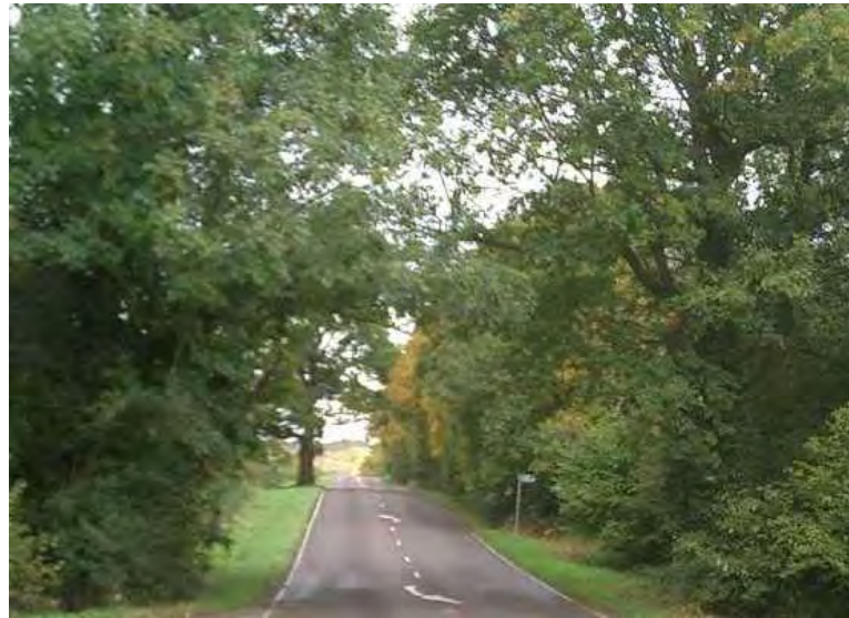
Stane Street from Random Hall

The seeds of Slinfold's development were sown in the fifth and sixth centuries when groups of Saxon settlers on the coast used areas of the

==

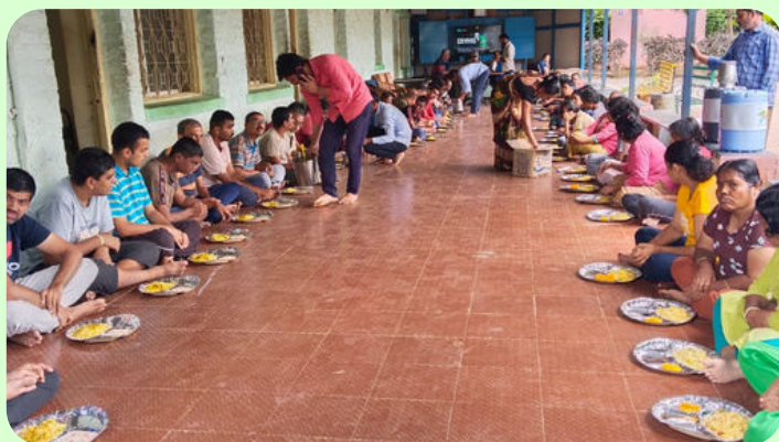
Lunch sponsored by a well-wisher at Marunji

WORK TO COMPLETE: Look back at the entries above. Retype the line with "Stane Street from Random Hall", the line with "The seeds of", and all lines in between.

OUTPUT FOR THIS TASK:
Stane Street from Random Hall

The seeds of Slinfold's development were sown in the fifth and sixth centuries when groups of Saxon settlers on the coast used areas of the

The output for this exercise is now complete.